Exercise =
An exact, picture-free copy of the listing is required.
Start of Available data
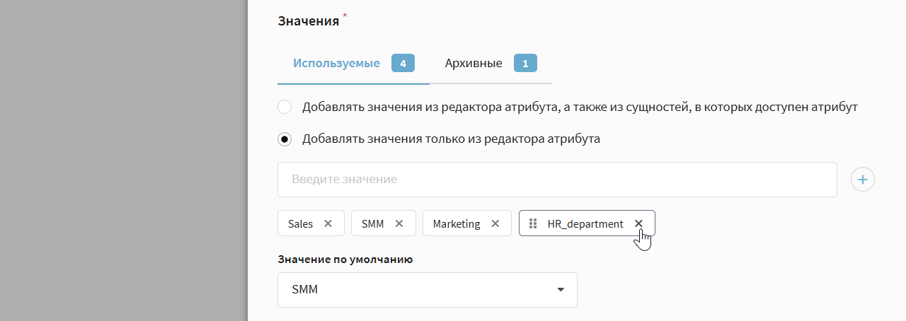 Архивированное значение нельзя добавить новым сущностям, но оно сохраняется в уже существующих и может использоваться при фильтрации и поиске. Такие значения отмечаются специальным образом:
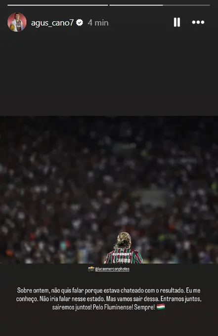 “Sobre ontem, não quis falar porque estava chateado. Não iria falar nesse estado. Mas vamos sair dessa. Entramos juntos, sairemos juntos. Pelo Fluminense. Sempre”, escreveu o jogador.
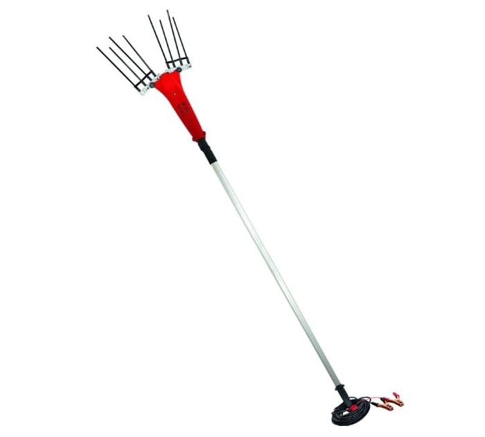 Il sistema a doppio pettine con 10 denti in carbonio garantisce una copertura ampia e una raccolta precisa, senza danneggiare i frutti o le piante. La velocità di lavoro raggiunge i 1200 colpi/minuto, mentre l’asta telescopica in alluminio si estende da 1,5 a 2,5 metri, permettendo di operare anche su alberi alti.
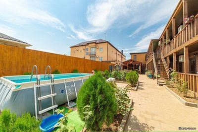 Расположение: гостевой дом “Лазурит” расположен на второй береговой линии, построен в 2018 году. До моря 800 метров. До центра поселка и развлечений 1,6 км. Рынок 700 метров.
End of Available data
Task response =
 Архивированное значение нельзя добавить новым сущностям, но оно сохраняется в уже существующих и может использоваться при фильтрации и поиске. Такие значения отмечаются специальным образом:
 “Sobre ontem, não quis falar porque estava chateado. Não iria falar nesse estado. Mas vamos sair dessa. Entramos juntos, sairemos juntos. Pelo Fluminense. Sempre”, escreveu o jogador.
 Il sistema a doppio pettine con 10 denti in carbonio garantisce una copertura ampia e una raccolta precisa, senza danneggiare i frutti o le piante. La velocità di lavoro raggiunge i 1200 colpi/minuto, mentre l’asta telescopica in alluminio si estende da 1,5 a 2,5 metri, permettendo di operare anche su alberi alti.
 Расположение: гостевой дом “Лазурит” расположен на второй береговой линии, построен в 2018 году. До моря 800 метров. До центра поселка и развлечений 1,6 км. Рынок 700 метров.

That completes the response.